# Mails versenden an eine Kategorie (Outlook 2003)



## EifelFrosch (24. Oktober 2005)

Hallo zusammen.

Ich habe folgendes Problem.
Ich möchte in Outlook 2003 eine Rundmail an alle Mitglieder einer Kategorie versenden, ohne dabei aber jeden einzelnen anzuklicken.
Wenn ich eine Verteilerliste anlegen will, muss ich die einzelnen auch wieder aus über 4000 Kontakten rauspicken. Gibt es die Möglichkeit, die Kategorie rauszufiltern und der Verteilerliste zuzuordnen? Oder gibt es eine ganz andere Möglichkeit?

Danke im Voraus.

Grüße
Eifel


----------



## gorim (26. Oktober 2005)

Hallo,

Du kannst über Organisieren nach Kategorien sortieren lassen.

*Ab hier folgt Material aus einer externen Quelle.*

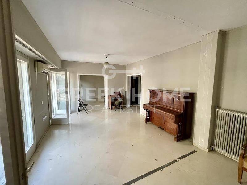 Kypseli, Fokionos Negri - Apartment 106sqm unfurnished, bedrooms 2, 3rd, good condition, year built 1969, energy class G, living room, hall, kitchen, bathroom, wc, heating type: central (natural gas), quiet, luminous, frontage, balconies, tents, elevator, wooden frames, wood & marble floors, separate kitchen, office, east-southern orientation, close to entertainment (up to 5m), close to university/college (up to 1500m), close to square (up to 5m), close to bus stop (up to 100m), close to super market (up to 100m), close to park (up to 1000m), close to sports facilities (up to 1000m), close to sea (up to 100m).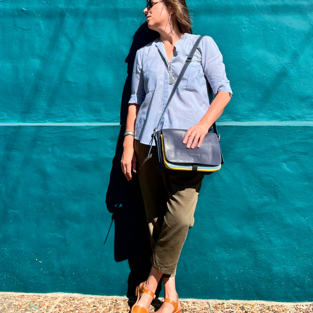 Bandolera de cuero Verona azul combinada. Cartera 100% Cuero vacuno argentino.

Mit der übliche Methode ersten Kontakt anklicken und dann mit der Shift-Taste und dem letzen Kontakt anklicken alle Kontakte einer Kategorie auswählen. Ob man einen Verteiler daraus anlegen kann weiß ich nicht. Aber Du könntest die Kontakte in einen temporären Kontakteordner kopieren/verschieben und damit arbeiten. Mit der Serienfunktion von Word verschickte ich damit einmal einen Serienbrief. Serienemails sind aber auch möglich.

bis dann
gorim


----------